For all the reaction that the meeting of the Football Association's International Committee, to receive his report on the World Cup, was nothing more than a whitewash, the reference to a new contract and the brave words about Hoddle taking England through to the next World Cup, it is impossible to escape the conclusion that the national coach does not have anything like their overwhelming support.

It is finally permeating the skulls of the FA's mandarins that the coach they hired in 1996 carries enough suspicious baggage to set off every X-ray alarm at Heathrow at one go. While that may not concern them unduly, the European Championship qualifying defeat in Sweden a fortnight ago - the third reverse in four games - suggests that extramural activities are affecting the players as much as they are worrying the public.

The England coach, presumably trying to bring some levity to the occasion with his blue suede shoes, was in a typically ingenuous frame of mind as he departed afterwards. He looked like the prankster who had lit the blue touch paper of rockets all round the school and couldn't understand quite why he had been dispatched to see the head. "You needn't have bothered wasting your time," was the gist of his comments to reporters. "We just discussed what was on the agenda."

Yet afterwards the comments from the FA's chief executive, Graham Kelly, and Noel White, chairman of the International Committee, scarcely constituted a ringing endorsement of the man's continued employment. Indeed, they may as well offer to circulate his CV, having decided to set up a sub- committee to enquire into his off-field activities, including the presence of pub landlady turned faith-healer, Eileen Drewery, within the England set-up, and the notorious World Cup diary.

"We'll want conditions, and he'll want conditions," Kelly spoke of the possibility of a new contract, but the more he and White attempted to be candid about the whole situation, the more embarrassing it became.

There are clearly some among the powers that be who clearly wish that the hand of Hod should quietly lead his flock into the wilderness before he does the same with England's football fortunes.
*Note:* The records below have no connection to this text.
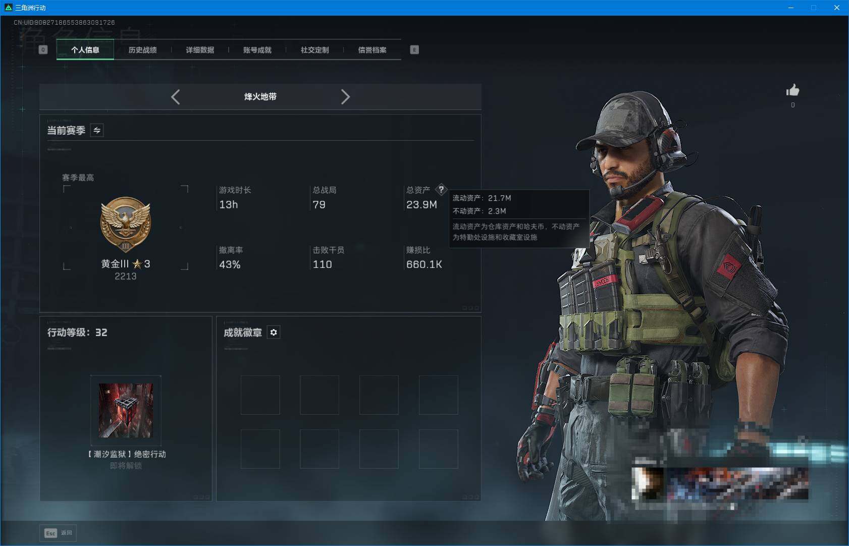 【SJ7281】总资产(M):23M/哈夫币(K):12173K/哈夫币(K):12173K/传说枪皮数:2/全面战场等级:17_段位:列兵/烽火地带等级:32_段位:黄金/近战-信条/近战-黑鹰/P90冲锋枪-信条/SR-25射手步枪-信条/腾龙突击步枪-猎鳄行动/M14射手步枪-工业狂潮/M700狙击步枪-竞技风/AKM突击步枪-肃杀/M7战斗步枪-前沿科技/MP5冲锋枪-弄臣/Vector冲锋枪-先锋/勇士冲锋枪-冰天雪地/M1014霰弹枪-幻影结构/Mini-14射手步枪-荣耀列队/SK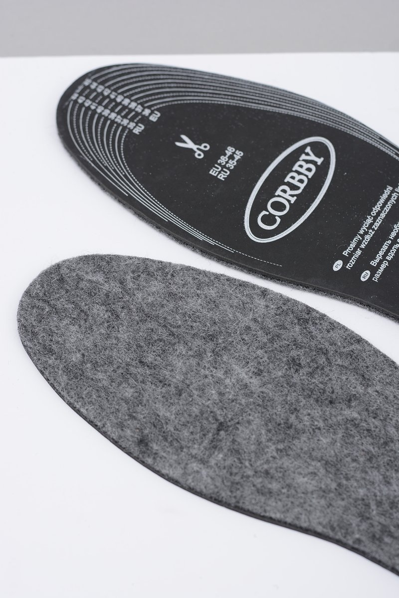 Two-layer warming insoles made of high-quality non-woven fabric and latex foam with active carbon, which perfectly absorbs any unpleasant odors. Felt lining, thanks to its thermal insulation properties, protects against moisture, provides feet with the right temperature, softness and comfort, while a layer of flexible latex balances the pressure on the sole while cushioning the microshocks that occur during walking.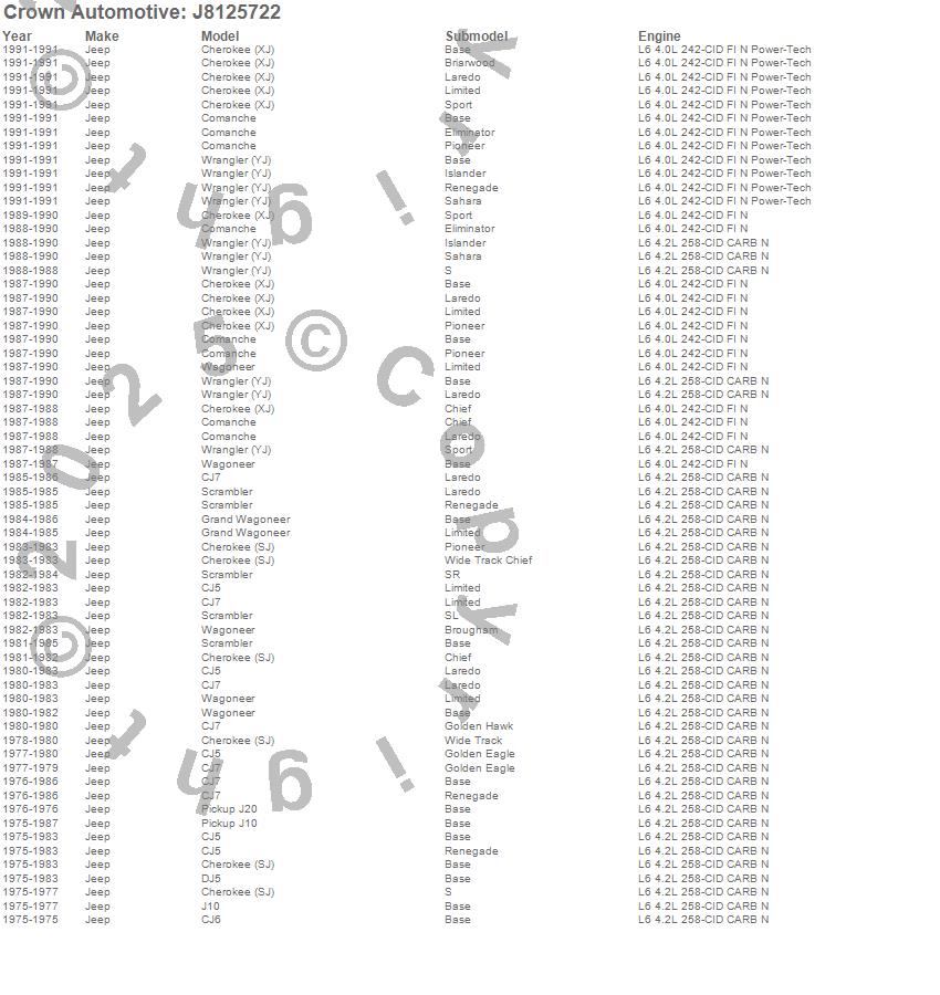 Crown Automotive is the premier manufacturer and distributor of quality replacement parts for Jeep® CJ™, Wrangler™, Cherokee™, Grand Cherokee™, Liberty™, and Commander™."From humble beginnings in 1963 in a small Boston storefront, Crown Automotive has consistently maintained its commitment to offering only quality parts and exceptional service. Today, with warehouses in Massachusetts, Georgia, Nevada, Spain, and the Czech Republic, totaling over 160,000 square feet, Crown Automotive continues to be the leader in quality replacement parts for Jeep® vehicles. With over 8,000 different parts in stock for Jeep® vehicles from 1942 on up, Crown has the largest stock of replacement parts for Jeep® vehicles, including factory-discontinued parts. In fact, many of the older Jeeps are still on (and off) the road thanks to Crown parts. The Crown line consists of axle, body, brake, clutch, cooling, driveline, electrical, engine, exhaust, fuel, steering, suspension, transmission and transfer case components. Crown Automotive also offers an exclusive line of component kits and accessory products. Because we know that Jeeps are driven harder than most other vehicles, we emphasize offering only quality parts. In fact, we test parts on Jeeps before distributing them to our dealers to insure that they meet our standards for quality. Crown also supports its entire line with a 12 month/12,000 mile warranty to insure our dealers and their customers of our commitment to offering quality parts. We know from experience that Jeep® owners would rather pay a little more for a good quality part that's backed by a strong guarantee. But we know that price is important as well. So, not only will you find Crown parts to be of exceptional quality, but you'll find them at a great price too.

Should his team, deprived of David Beckham and Paul Ince - the sending-off of those two important midfielders has been another source of FA irritation - fail to beat Bulgaria at Wembley next month, the voices of disapproval can only grow in number.

Even victory in two games which England really should win will not prevent the drip-drip effect of criticism in the media which has ultimately ended the careers of those before him.

One newspaper has already suggested that the FA should "shoot the lame duck" but the only reservation must be - what other targets are sitting pretty in the football pond? There are decoys aplenty, but unless the FA change their policy and, like many other nations, pursue a foreign coach - something akin to the Lord's cricket members admitting ladies - you can rule out the obvious suspects such as Alex Ferguson and Arsene Wenger, both of whom have anyway already rejected overtures from England and France respectively.

Roy Hodgson, with his considerable international experience and dignified demeanour, would almost certainly be the man, even though his star is temporarily on the wane. At least Chris Sutton might get a game.